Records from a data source
>>>>
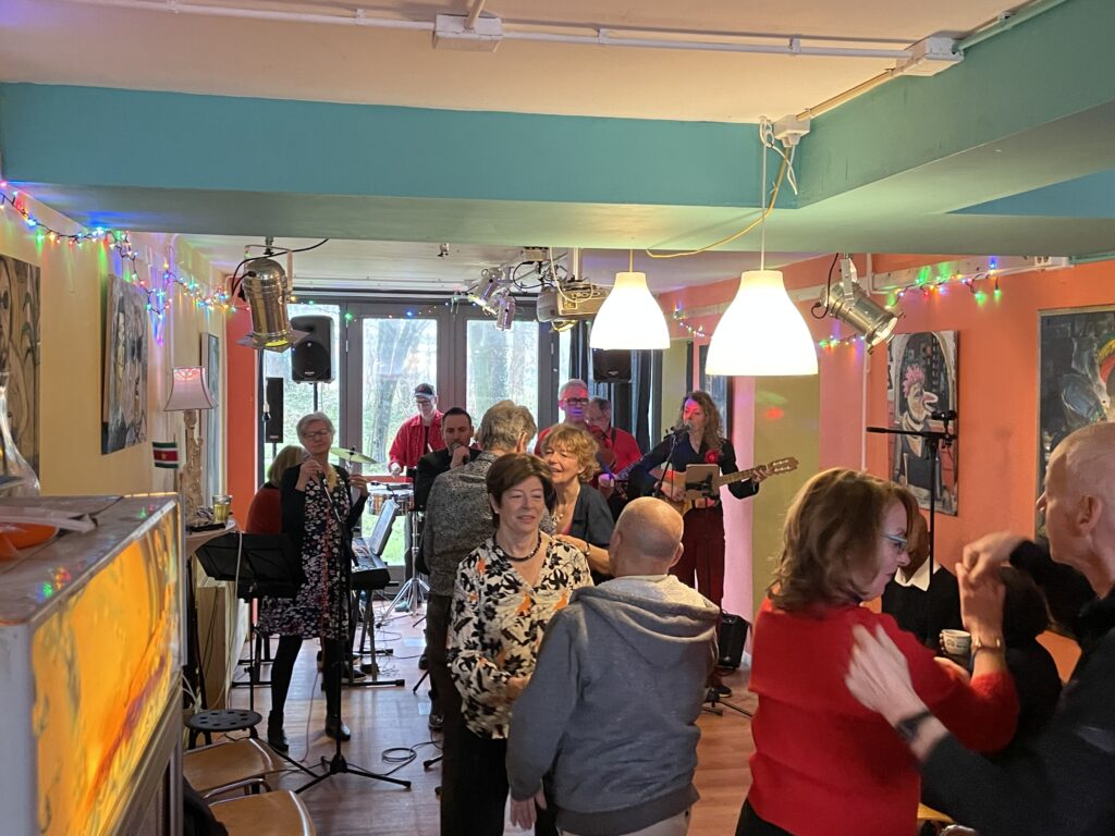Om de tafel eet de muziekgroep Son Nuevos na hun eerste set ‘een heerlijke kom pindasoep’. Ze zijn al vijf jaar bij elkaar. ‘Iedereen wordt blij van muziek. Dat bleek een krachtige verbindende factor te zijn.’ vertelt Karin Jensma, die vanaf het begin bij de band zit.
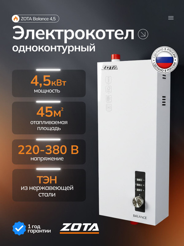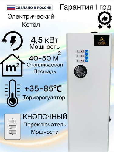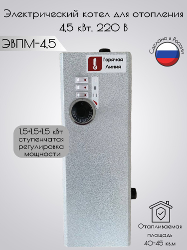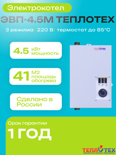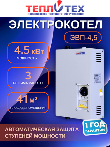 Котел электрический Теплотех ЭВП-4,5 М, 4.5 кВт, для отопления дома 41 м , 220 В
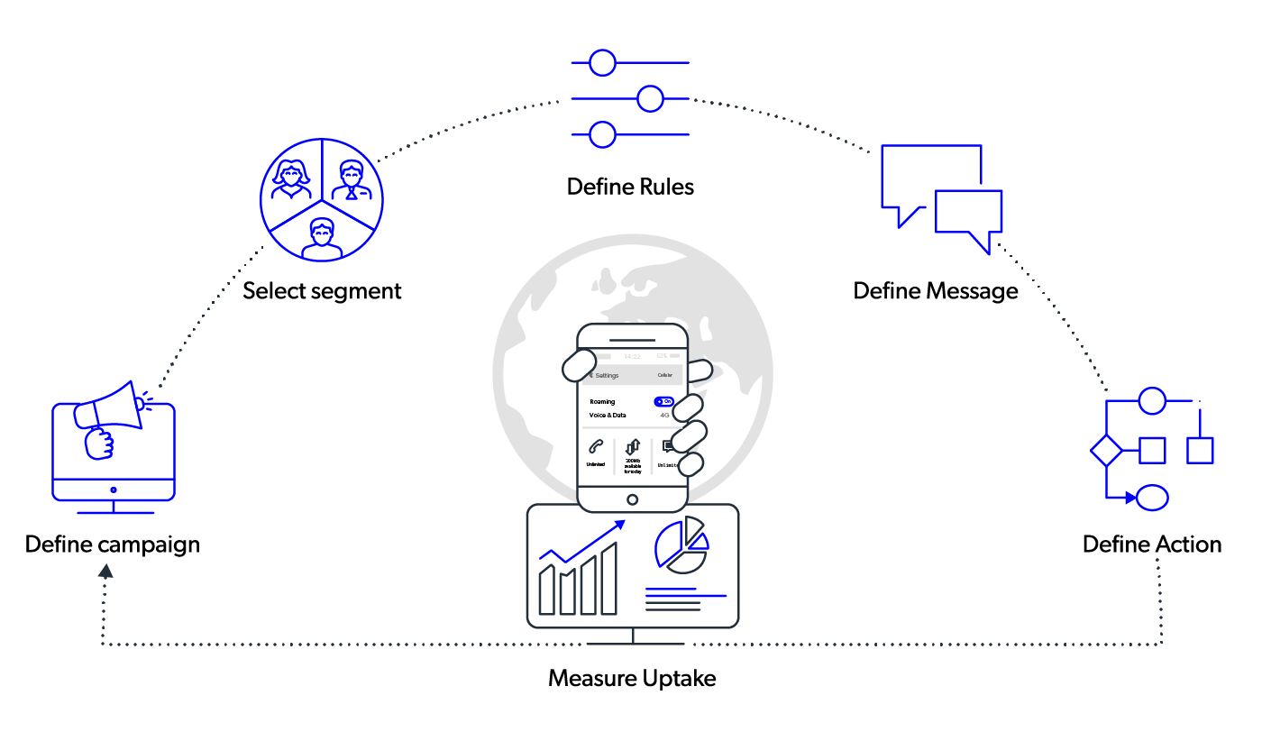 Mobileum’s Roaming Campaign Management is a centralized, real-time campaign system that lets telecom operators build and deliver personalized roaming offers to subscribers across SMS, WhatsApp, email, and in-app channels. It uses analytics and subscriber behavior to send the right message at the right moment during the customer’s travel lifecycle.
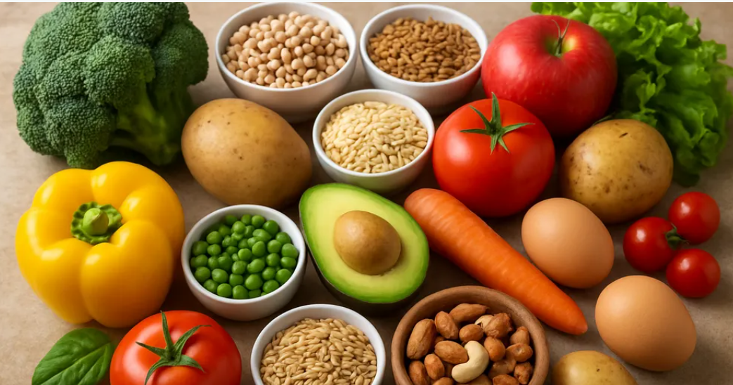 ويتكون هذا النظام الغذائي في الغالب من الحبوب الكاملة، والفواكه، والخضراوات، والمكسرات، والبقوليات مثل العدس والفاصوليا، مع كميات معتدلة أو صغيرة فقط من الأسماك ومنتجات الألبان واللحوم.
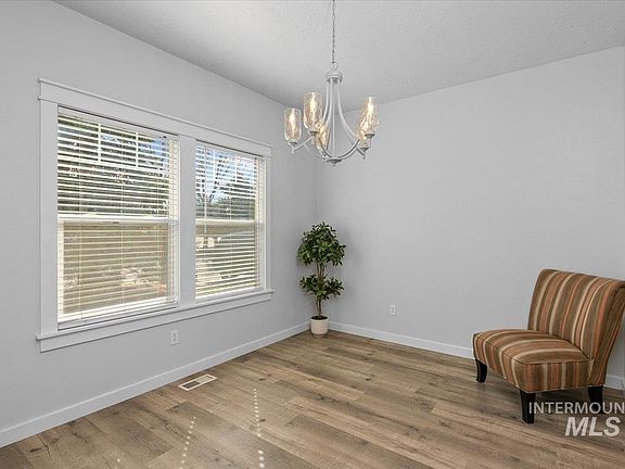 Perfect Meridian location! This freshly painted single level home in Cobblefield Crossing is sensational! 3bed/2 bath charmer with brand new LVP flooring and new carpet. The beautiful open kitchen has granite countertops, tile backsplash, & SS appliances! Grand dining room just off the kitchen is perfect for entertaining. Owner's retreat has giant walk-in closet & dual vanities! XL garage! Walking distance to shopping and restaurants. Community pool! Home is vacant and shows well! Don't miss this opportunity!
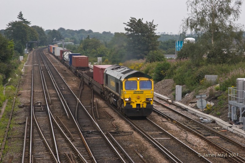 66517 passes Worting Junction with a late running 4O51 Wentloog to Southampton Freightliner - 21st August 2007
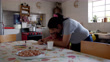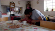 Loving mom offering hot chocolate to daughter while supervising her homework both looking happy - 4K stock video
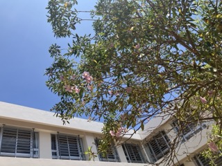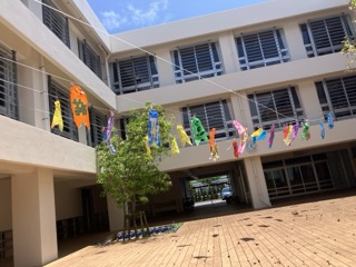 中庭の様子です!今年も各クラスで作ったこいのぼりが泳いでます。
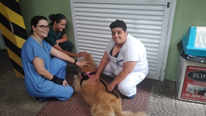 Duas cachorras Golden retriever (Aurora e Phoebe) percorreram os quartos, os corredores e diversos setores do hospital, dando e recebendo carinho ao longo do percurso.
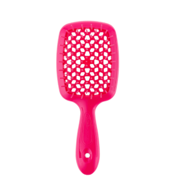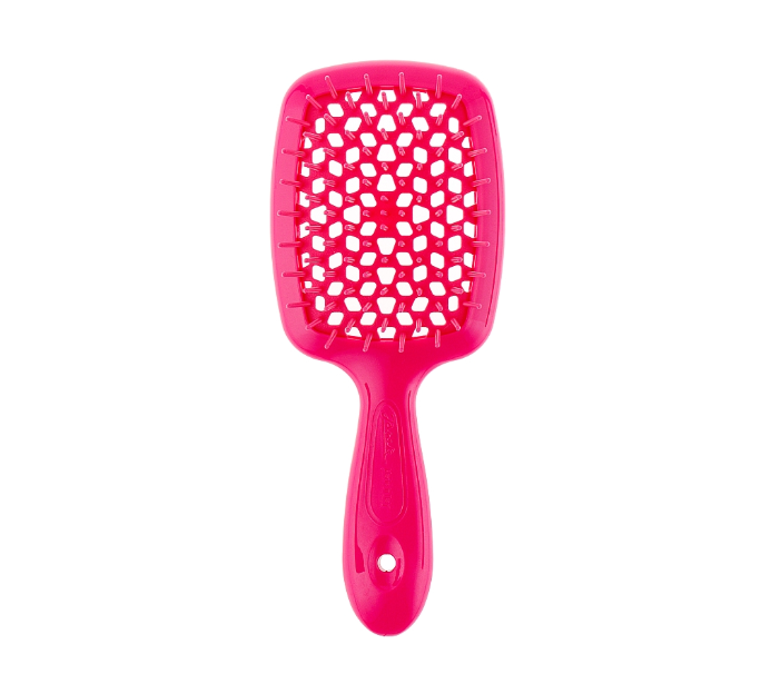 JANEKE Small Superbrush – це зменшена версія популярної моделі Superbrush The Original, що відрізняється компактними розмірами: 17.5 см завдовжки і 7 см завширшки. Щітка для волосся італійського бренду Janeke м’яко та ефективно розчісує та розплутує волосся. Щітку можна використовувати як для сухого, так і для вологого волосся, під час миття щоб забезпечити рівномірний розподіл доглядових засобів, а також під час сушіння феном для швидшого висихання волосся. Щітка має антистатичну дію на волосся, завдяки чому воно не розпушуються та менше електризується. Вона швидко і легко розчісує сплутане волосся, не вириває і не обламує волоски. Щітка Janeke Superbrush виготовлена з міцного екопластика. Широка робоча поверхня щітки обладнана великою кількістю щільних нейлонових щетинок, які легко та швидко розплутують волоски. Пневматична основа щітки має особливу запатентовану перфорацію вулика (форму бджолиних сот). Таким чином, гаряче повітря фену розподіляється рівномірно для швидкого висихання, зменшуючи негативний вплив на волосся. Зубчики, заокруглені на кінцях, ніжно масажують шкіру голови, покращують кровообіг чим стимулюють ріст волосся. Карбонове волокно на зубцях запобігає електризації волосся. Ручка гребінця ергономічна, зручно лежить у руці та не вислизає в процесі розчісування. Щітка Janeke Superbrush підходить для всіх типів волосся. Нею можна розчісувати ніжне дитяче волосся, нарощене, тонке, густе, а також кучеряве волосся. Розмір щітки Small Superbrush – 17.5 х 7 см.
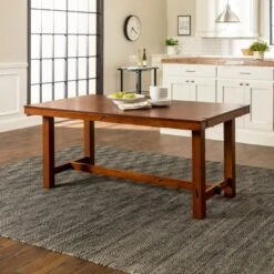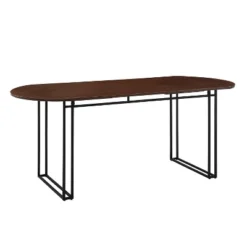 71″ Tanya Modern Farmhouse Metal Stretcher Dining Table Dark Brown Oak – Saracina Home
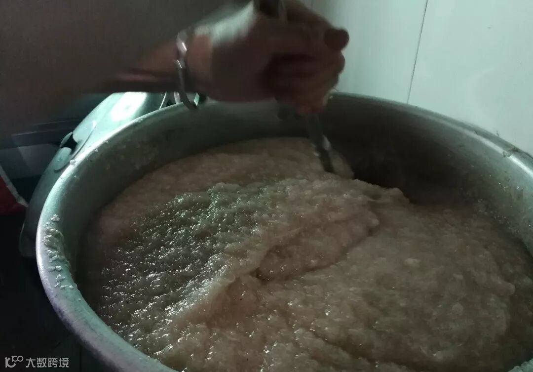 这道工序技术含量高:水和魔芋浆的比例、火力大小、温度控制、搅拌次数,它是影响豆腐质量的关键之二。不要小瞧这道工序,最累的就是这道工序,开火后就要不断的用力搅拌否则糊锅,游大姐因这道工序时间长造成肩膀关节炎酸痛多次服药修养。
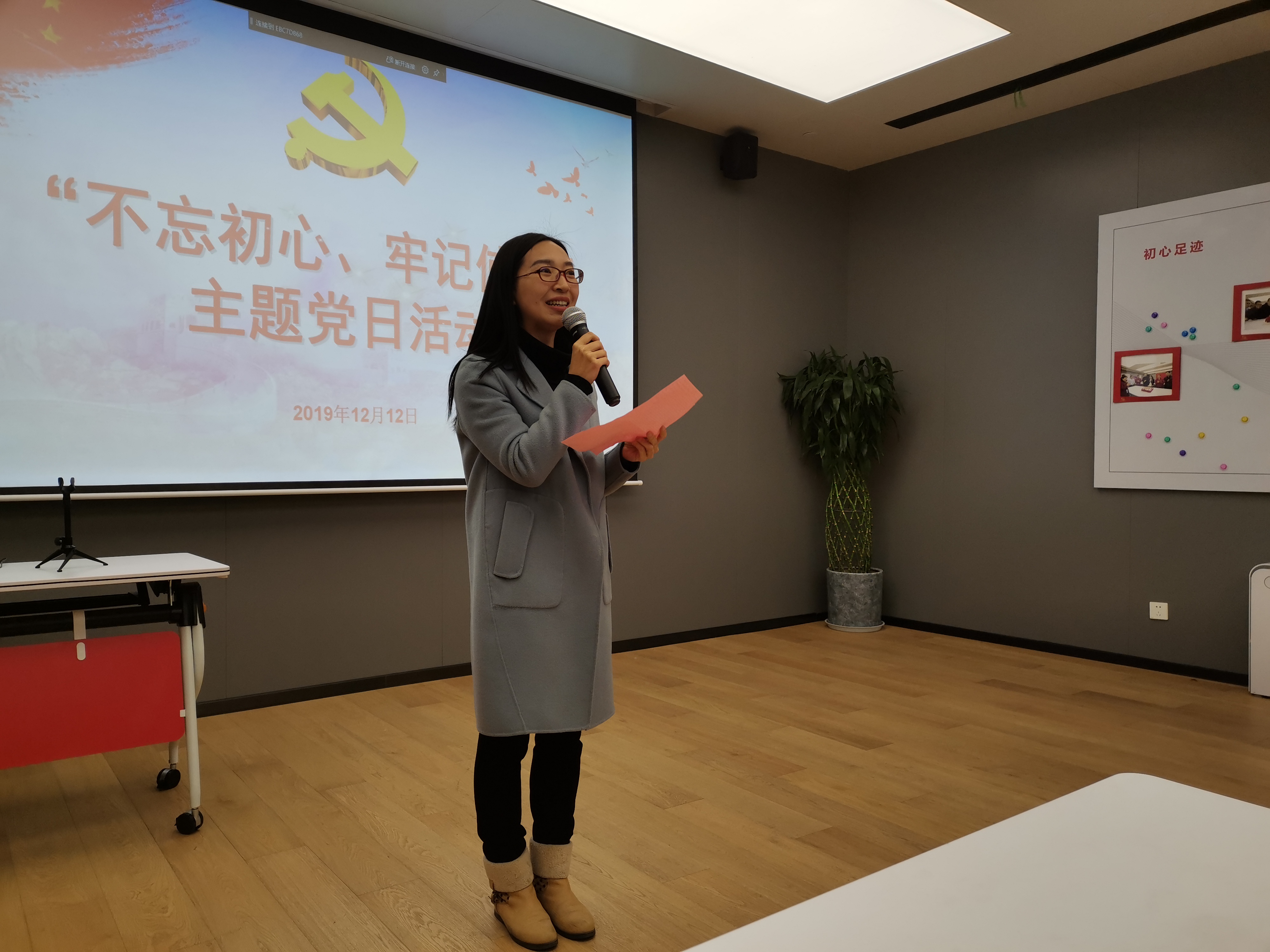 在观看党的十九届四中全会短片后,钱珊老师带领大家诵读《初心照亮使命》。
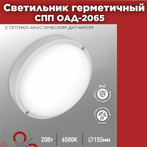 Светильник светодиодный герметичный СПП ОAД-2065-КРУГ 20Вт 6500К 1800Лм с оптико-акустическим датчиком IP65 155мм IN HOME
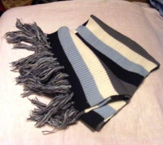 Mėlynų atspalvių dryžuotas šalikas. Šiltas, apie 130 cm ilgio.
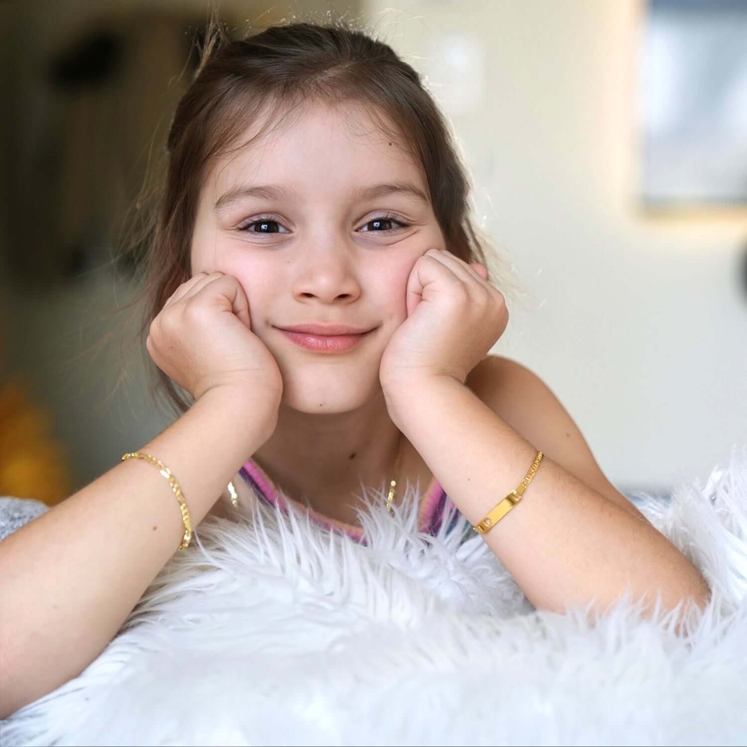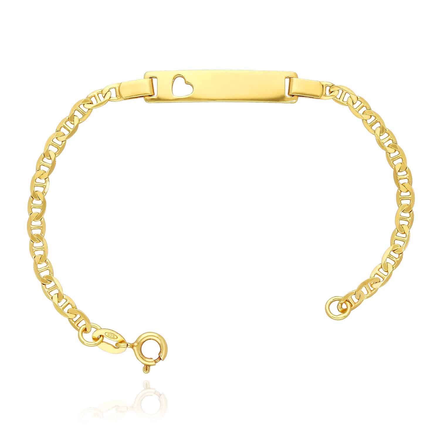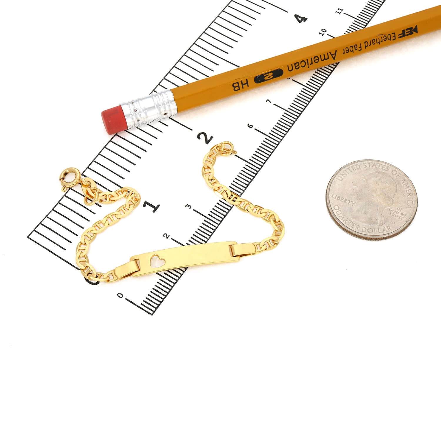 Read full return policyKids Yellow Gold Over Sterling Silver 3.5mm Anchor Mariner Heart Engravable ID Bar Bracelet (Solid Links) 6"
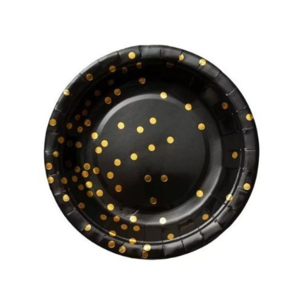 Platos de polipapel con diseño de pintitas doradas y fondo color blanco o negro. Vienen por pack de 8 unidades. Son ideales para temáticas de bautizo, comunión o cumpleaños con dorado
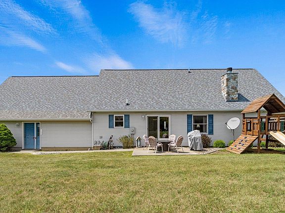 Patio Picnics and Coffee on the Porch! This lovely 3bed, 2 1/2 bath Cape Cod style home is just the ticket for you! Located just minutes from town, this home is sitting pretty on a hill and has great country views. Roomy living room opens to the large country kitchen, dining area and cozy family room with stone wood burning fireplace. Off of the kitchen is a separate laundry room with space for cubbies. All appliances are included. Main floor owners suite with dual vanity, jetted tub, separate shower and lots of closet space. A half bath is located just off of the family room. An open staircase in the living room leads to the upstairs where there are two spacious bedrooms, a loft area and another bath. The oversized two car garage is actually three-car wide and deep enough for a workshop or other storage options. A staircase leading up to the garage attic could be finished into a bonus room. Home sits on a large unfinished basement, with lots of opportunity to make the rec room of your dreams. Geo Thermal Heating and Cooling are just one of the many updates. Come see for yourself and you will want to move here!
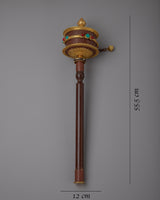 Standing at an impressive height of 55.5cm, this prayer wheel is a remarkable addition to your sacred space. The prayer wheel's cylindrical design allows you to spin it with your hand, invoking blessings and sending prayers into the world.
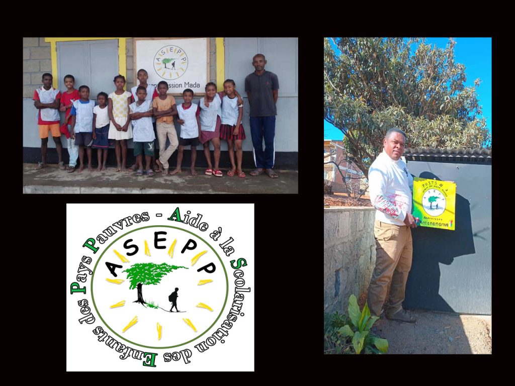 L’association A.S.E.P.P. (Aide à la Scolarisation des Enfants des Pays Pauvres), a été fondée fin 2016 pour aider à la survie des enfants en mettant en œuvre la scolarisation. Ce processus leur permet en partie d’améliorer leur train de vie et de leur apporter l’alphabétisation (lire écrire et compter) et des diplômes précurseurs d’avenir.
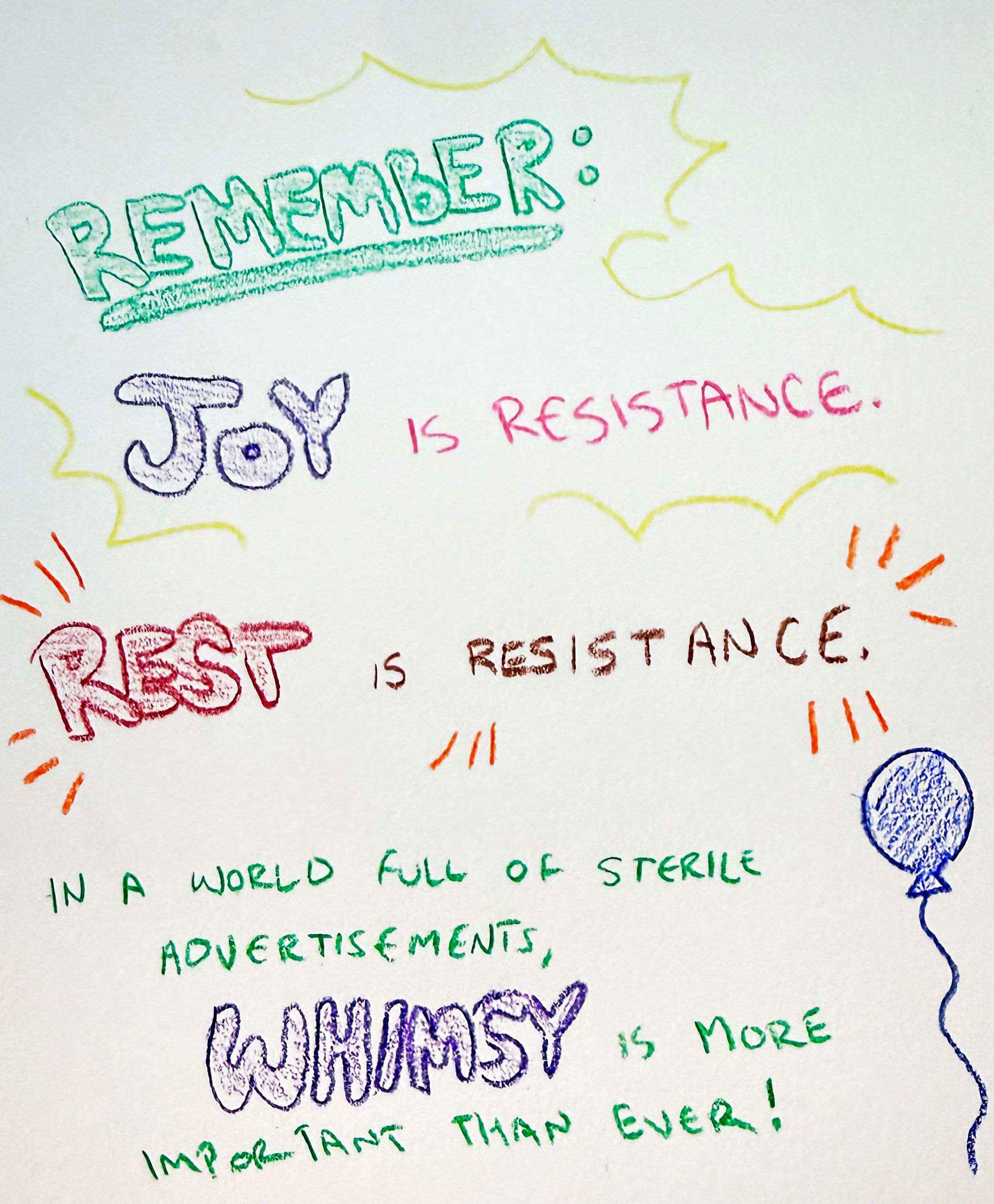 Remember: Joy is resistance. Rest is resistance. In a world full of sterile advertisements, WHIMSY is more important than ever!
<<<<
■ Exercise requirements ■
In the entries above, every line from the line with "66517 passes Worting" to the line with "Duas cachorras Golden" is to be printed exactly, with both ends included and pictures excluded.

■ Response area ■
 66517 passes Worting Junction with a late running 4O51 Wentloog to Southampton Freightliner - 21st August 2007
 Loving mom offering hot chocolate to daughter while supervising her homework both looking happy - 4K stock video
 中庭の様子です!今年も各クラスで作ったこいのぼりが泳いでます。
 Duas cachorras Golden retriever (Aurora e Phoebe) percorreram os quartos, os corredores e diversos setores do hospital, dando e recebendo carinho ao longo do percurso.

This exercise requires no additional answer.